No reprieve for Fishrot 6

Unless the six accused in the Fishrot corruption scandal are granted bail soon, they are assured of an extended stay behind bars for at least two more months.

21 February 2020 | Justice

The so-called Fishrot Six yesterday returned to the Windhoek Magistrate's Court, which ordered that they be remanded in custody until 23 April to allow for further investigations.

They will all remain in custody at the Windhoek Correctional Facility.

The six are former fisheries minister Bernhardt Esau, former justice minister Sacky Shanghala, former Fishcor board chair James Hatuikulipi, Investec employee Ricardo Gustavo, businessman Tamson Hatuikulipi and Pius Mwatelulo.

The matter was heard by Chief Magistrate Philanda Christiaan.

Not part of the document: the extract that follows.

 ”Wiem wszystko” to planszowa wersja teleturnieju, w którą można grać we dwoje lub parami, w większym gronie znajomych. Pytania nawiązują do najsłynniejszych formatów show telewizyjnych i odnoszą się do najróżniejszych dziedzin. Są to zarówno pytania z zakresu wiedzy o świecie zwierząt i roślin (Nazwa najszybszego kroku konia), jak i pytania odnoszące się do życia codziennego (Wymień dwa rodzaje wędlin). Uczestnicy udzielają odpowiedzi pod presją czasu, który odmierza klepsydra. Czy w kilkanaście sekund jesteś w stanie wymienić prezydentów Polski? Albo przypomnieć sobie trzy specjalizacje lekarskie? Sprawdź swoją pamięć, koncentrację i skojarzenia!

In the meantime, new charges have been added in connection with money allegedly laundered through entities called Salex and DHC Inc. It is alleged that N$75 million of Fishcor's money was laundered using these firms.

Shanghala faces an additional charge of obstructing the course of justice.

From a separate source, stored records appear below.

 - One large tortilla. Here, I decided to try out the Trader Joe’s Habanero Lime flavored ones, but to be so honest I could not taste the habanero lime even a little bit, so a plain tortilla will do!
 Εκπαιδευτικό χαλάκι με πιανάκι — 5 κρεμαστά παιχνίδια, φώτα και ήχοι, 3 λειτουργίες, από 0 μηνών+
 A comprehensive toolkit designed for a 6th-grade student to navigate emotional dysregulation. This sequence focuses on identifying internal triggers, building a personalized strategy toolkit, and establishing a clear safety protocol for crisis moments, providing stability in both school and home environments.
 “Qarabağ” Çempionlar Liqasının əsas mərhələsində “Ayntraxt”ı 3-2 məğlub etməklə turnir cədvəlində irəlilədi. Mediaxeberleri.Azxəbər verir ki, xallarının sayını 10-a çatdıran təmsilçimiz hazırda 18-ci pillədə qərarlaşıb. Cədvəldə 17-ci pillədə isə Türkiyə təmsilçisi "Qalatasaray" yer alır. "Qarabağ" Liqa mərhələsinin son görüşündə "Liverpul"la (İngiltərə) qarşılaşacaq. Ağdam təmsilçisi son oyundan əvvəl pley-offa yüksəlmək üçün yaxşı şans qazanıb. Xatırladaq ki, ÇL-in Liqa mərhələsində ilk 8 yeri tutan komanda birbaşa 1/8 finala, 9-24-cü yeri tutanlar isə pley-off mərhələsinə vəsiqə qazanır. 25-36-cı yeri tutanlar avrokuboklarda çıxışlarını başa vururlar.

Shanghala, Esau, James Hatuikulipi and Nghipunya are further accused of using state money for self-gratification.

Mwatelulo and Tamson Hatuikulipi are accused of conspiring in these alleged crimes.

James's money woes

Meanwhile, James Hatuikulipi will have to pay N$600 000 in legal costs after he decided to abandon an urgent application against the Financial Intelligence Centre (FIC) and others.

He had applied for urgent access to his two personal bank accounts as well as the bank accounts of his businesses.

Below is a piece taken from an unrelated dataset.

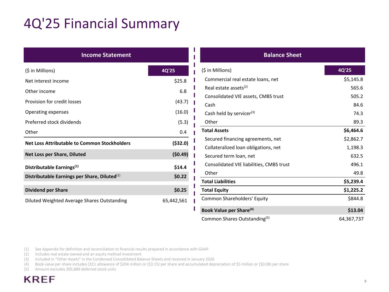 4 • 4Q and full year 2025 Net loss(1) of ($0.49) and ($1.05) per diluted share (includes a CECL provision of $44 million and $119 million, or ($0.67) and ($1.79) per diluted share, respectively) • 4Q and full year 2025 Distributable Earnings(2) of $0.22 and $0.39 per diluted share (includes net realized losses of nil and $34 million, or nil and ($0.50) per diluted share, respectively) • Book Value per Share (“BVPS”) of $13.04 per share (includes a CECL allowance of $204 million, or ($3.15) per share as of December 31, 2025, representing 381 basis points of loan principal balance) Fourth Quarter and Full Year 2025 Highlights (1) Represents Net Income or loss attributable to common stockholders (2) See Appendix for definition and reconciliation to financial results prepared in accordance with GAAP (3) Includes the amortization of deferred origination fees, loan origination costs and purchase discounts. Excludes loans on nonaccrual status • 4Q originations and fundings of $424 million and $397 million relating to four floating-rate senior loans, including two European loans; and full year 2025 originations and fundings of $1.1 billion and $1.0 billion relating to 12 floating-rate senior loans • $5.4 billion predominantly senior loan portfolio with a weighted average unlevered all-in yield(3) of 7.3% • Multifamily and industrial assets represent 58% of loan portfolio • Received $380 million and $1.5 billion in loan repayments in 4Q and full year 2025 • Funded $29 million and $96 million for existing loans in 4Q and full year 2025 • Collected 100% of interest payments in both 4Q and full year 2025 • Weighted average risk rating of 3.2 • Monitoring five watch list loans, including two office and two life science assets Financials Portfolio Liquidity & Capitalization • $887 million of available liquidity, including $85 million of cash, $700 million of undrawn capacity on the corporate revolver and $74 million of loan principal repayments held by a servicer • In 4Q, entered into a new $250 million term lending agreement, which provides match-term financing on a non- mark-to-market basis; and a new £300 million term credit agreement • In 2025, refinanced and upsized the secured term loan from $340 million to $650 million, reduced the spread from S+3.50% to S+2.50%, and extended the maturity to March 2032 • In 2025, increased the borrowing capacity on the corporate revolver by $90 million to $700 million and extended the maturity date until 2030 • Diversified financing sources totaling $8.2 billion with $3.5 billion of undrawn capacity • 74% of secured financing is fully non-mark-to-market and the remaining balance is mark-to-credit only • No final facility maturities until 2027 and no corporate debt due until 2030 • Share buybacks in 4Q of 1.1 million shares for $9 million ($8.24 average share price) and full year 2025 of 4.6 million shares for $43 million ($9.35 average share price)

Yesterday, the High Court ruled that he would pay FIC and the director of the Financial Intelligence Centre N$350 000 on or before 31 March.

Hatuikulupi also agreed to pay Bank Windhoek Limited N$250 000 - the costs of one instructing and one instructed counsel - before the end of March 2020.

He also agreed to pay the legal costs of the Anti-Corruption Commission (ACC), the minister of finance, and the inspector-general's office.

These payments will be taxed.

In his urgent application, Hatuikulipi wanted to know whether the Anti-Corruption Commission (ACC) was allowed by law to impose a blanket freeze on a bank account.

This followed a N$150 million garnishee order issued by finance minister Calle Schlettwein, which had left Hatuikulipi's bank balance in the red.